For many bankruptcy clients, the most complicated and intimidating aspect of filing for Chapter 7 or Chapter 13 is determining whether they’ll be able to make their Homeowner’s Association dues payments after the bankruptcy is over. These dues run with the property and are used to pay for common expenses such as sidewalks, landscaping, community pools, and other amenities. While bankruptcy can make this situation much worse, the best way to approach the situation is to be prepared. Check here – https://www.scura.com/blog/the-intersection-of-bankruptcy-and-homeowners-association-dues

It Is Important To Choose The Right Program

Although HOA dues are typically not dischargeable in a bankruptcy case, the California Civil Code allows them to take a lien on the home. As a result, if you file for bankruptcy, the HOA will continue to collect unsecured debt even after the bankruptcy has been discharged. Congress addressed this issue in its 2005 overhaul of the bankruptcy code, and under 11 U.S.C. SS. 523 (deriving from the Bankruptcy Code), HOA dues are not dischargeable.
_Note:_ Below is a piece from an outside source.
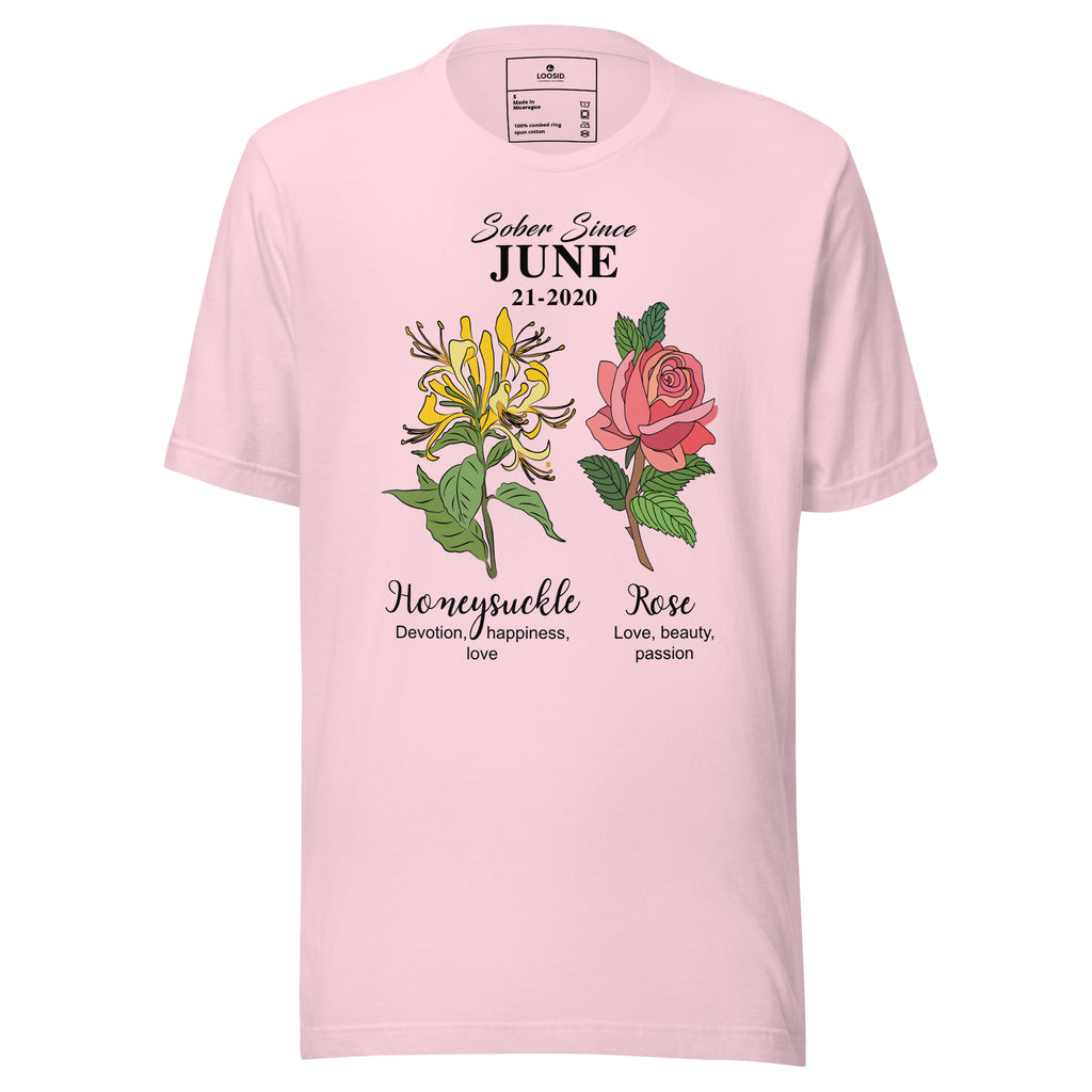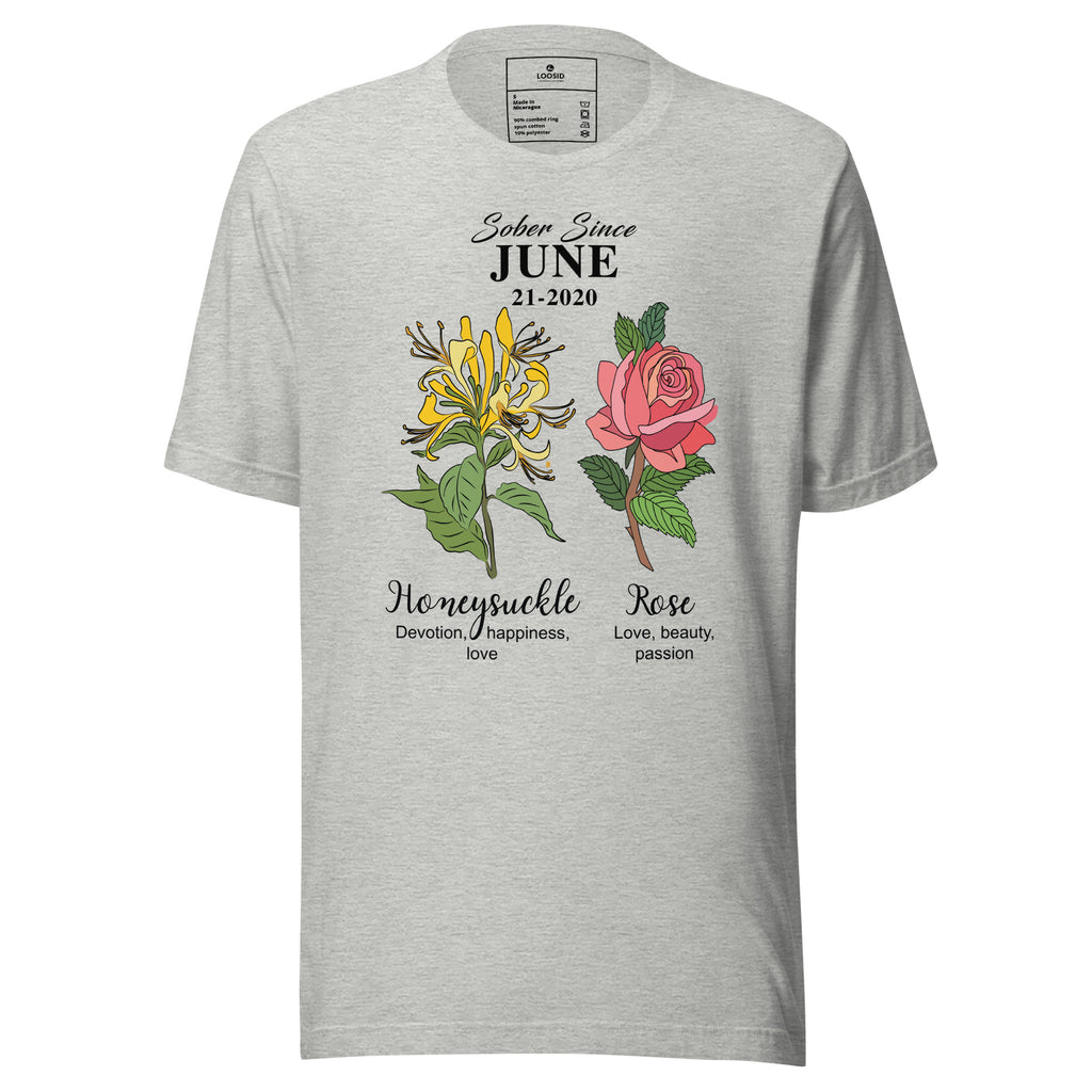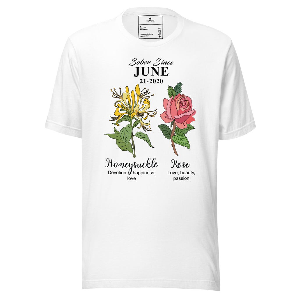 Sober Since Monthly Flower Tee – Personalized with Your Sober Date

As the housing market has become more depressed, some homeowners have been facing problems with their mortgage payments and HOA dues. Some have been sent into foreclosure by their HOAs. However, the state law that permits HOAs to take drastic action isn’t available for all states. In Georgia, for example, foreclosure cases have risen substantially during the current recession. Despite this, HOAs have a wide variety of options.